**Task item**: Every line below needs to be printed again exactly, without any of its pictures.

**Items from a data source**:
····················
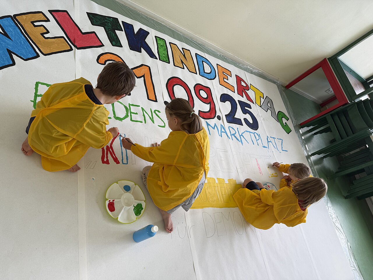 Am 21.09.2025 ist Weltkindertag – und die Kinder der Kita Kinderglück sind schon voller Vorfreude! Gemeinsam mit ihren Erzieher*innen und den Leitungen haben sie ein buntes Plakat gestaltet, das bald in der Nähe der Stadtmitte auf einer Werbetafel zu sehen sein wird.
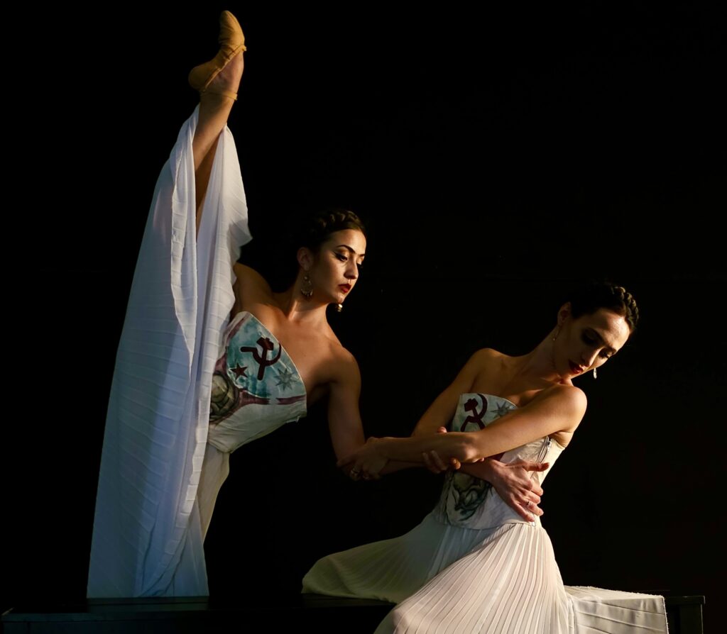 Das hat eine Sogkraft zur Folge, auf die man sich getrost einlassen darf – auch wenn das sofortige Zuordnen bestimmter Figuren wie der des Vaters (Martin Segata), des russischen Revolutionärs Leo Trotzki (Sprungwunder Mitwuro Ito) oder der Tänzerin im schwarzen Kleid als Tod (Sayumi Nishii) nicht immer ganz leichtfällt. Valga beherrscht die Kunst des „Etwas-Passieren-Lassens“ aber ganz vorzüglich. Seine Nebenfiguren führt er meist nur kurz szenisch ein, manchmal bloß im Hintergrund einer rasanten Ensemblepassage. Da lässt sich schon mal etwas übersehen. Wenig später stehen die Tänzerinnen und Tänzer dann plötzlich im Zentrum und überwältigen das Publikum, indem sie je nach Rollentypus famos springen, jazzig steppen oder ihre Hüften sanft androgyn schwingen. Der Kubaner Cosme Tablada Moreno ist eine charmante Überraschung in seiner (Travestie-)Rolle als Josephine Baker, der man eine Amour mit Kahlo nachsagt.
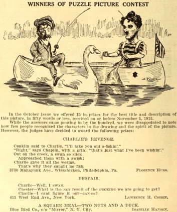 Drawing. In a canoe Charlie Chaplin and Chester Conklin. They
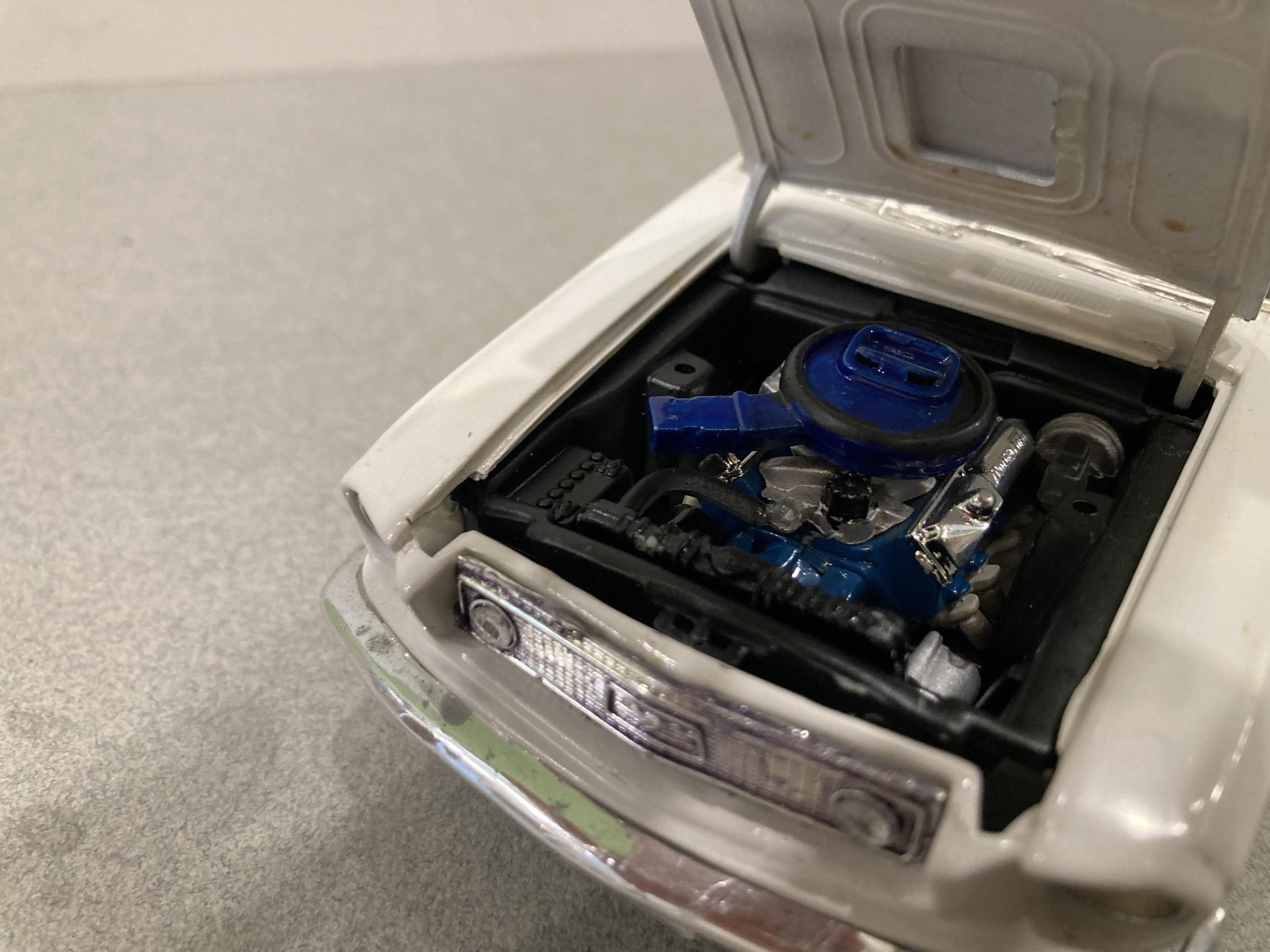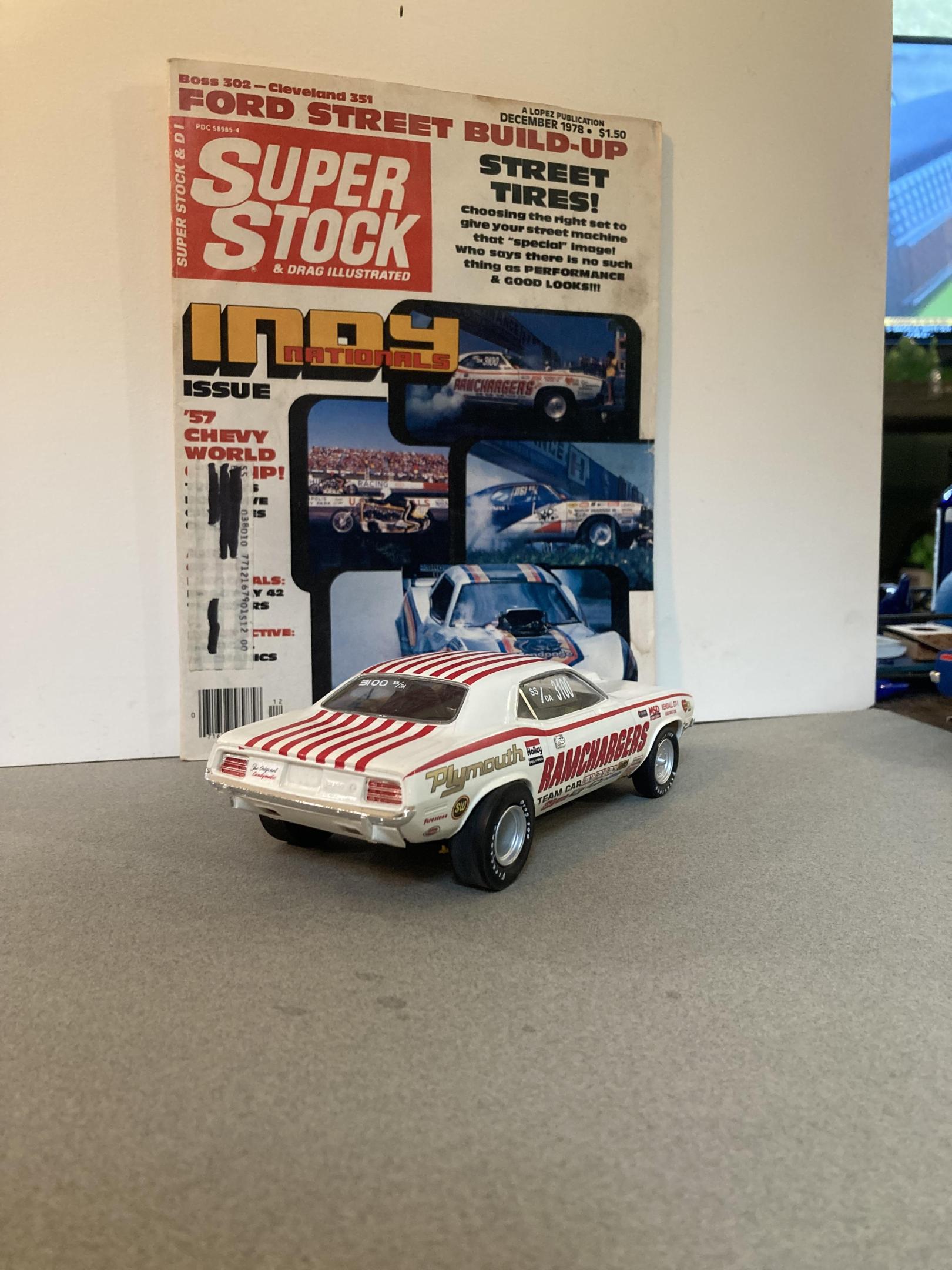 I built this out of the revell 1970 barracuda kit. I used amt wheels and slicks l crafted the headers from solder and aluminum tubing. It’s painted in testors white enamel with aftermarket decals. It’s a nice simple build. However I think the revell body is a bit on the chunky side with its dimensions. All in all it looks good on the shelf. Until next time thanks for looking ? , Mike
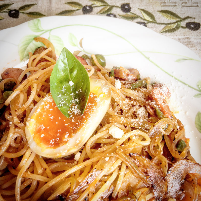 昼食に昭和の喫茶店風ケチャップのナポリタン作る。朝、仕事前に作っていった味付けの半熟卵をトッピング。温かいままで醤油に入れたから充分過ぎるくらい色も味もしみてる。
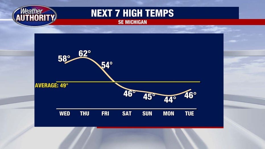 (FOX 2) - Our sweet stretch of weather continues on Wednesday with temperatures cresting in the high 50s in the late afternoon.
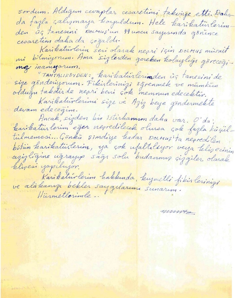 Turhan Selçuk’un orijinal karikatürlerini toplayan koleksiyoner Çağrı Çalışır’ın bir sahaftan aldığı çerçevesi yıpranmış karikatürün arkasından çıkan bir zarfın içinden çıkan 59 yıllık mektuptan yola çıkan #tarih Dergisi yazarı Caner Gürellier, mektubun sahibi Yılmaz Büyükerşen ile buluşarak, güzel ayrıntılar ve sürprizlerle karşılaştı.
····················
**Solution to this exercise**:
 Am 21.09.2025 ist Weltkindertag – und die Kinder der Kita Kinderglück sind schon voller Vorfreude! Gemeinsam mit ihren Erzieher*innen und den Leitungen haben sie ein buntes Plakat gestaltet, das bald in der Nähe der Stadtmitte auf einer Werbetafel zu sehen sein wird.
 Das hat eine Sogkraft zur Folge, auf die man sich getrost einlassen darf – auch wenn das sofortige Zuordnen bestimmter Figuren wie der des Vaters (Martin Segata), des russischen Revolutionärs Leo Trotzki (Sprungwunder Mitwuro Ito) oder der Tänzerin im schwarzen Kleid als Tod (Sayumi Nishii) nicht immer ganz leichtfällt. Valga beherrscht die Kunst des „Etwas-Passieren-Lassens“ aber ganz vorzüglich. Seine Nebenfiguren führt er meist nur kurz szenisch ein, manchmal bloß im Hintergrund einer rasanten Ensemblepassage. Da lässt sich schon mal etwas übersehen. Wenig später stehen die Tänzerinnen und Tänzer dann plötzlich im Zentrum und überwältigen das Publikum, indem sie je nach Rollentypus famos springen, jazzig steppen oder ihre Hüften sanft androgyn schwingen. Der Kubaner Cosme Tablada Moreno ist eine charmante Überraschung in seiner (Travestie-)Rolle als Josephine Baker, der man eine Amour mit Kahlo nachsagt.
 Drawing. In a canoe Charlie Chaplin and Chester Conklin. They
 I built this out of the revell 1970 barracuda kit. I used amt wheels and slicks l crafted the headers from solder and aluminum tubing. It’s painted in testors white enamel with aftermarket decals. It’s a nice simple build. However I think the revell body is a bit on the chunky side with its dimensions. All in all it looks good on the shelf. Until next time thanks for looking ? , Mike
 昼食に昭和の喫茶店風ケチャップのナポリタン作る。朝、仕事前に作っていった味付けの半熟卵をトッピング。温かいままで醤油に入れたから充分過ぎるくらい色も味もしみてる。
 (FOX 2) - Our sweet stretch of weather continues on Wednesday with temperatures cresting in the high 50s in the late afternoon.
 Turhan Selçuk’un orijinal karikatürlerini toplayan koleksiyoner Çağrı Çalışır’ın bir sahaftan aldığı çerçevesi yıpranmış karikatürün arkasından çıkan bir zarfın içinden çıkan 59 yıllık mektuptan yola çıkan #tarih Dergisi yazarı Caner Gürellier, mektubun sahibi Yılmaz Büyükerşen ile buluşarak, güzel ayrıntılar ve sürprizlerle karşılaştı.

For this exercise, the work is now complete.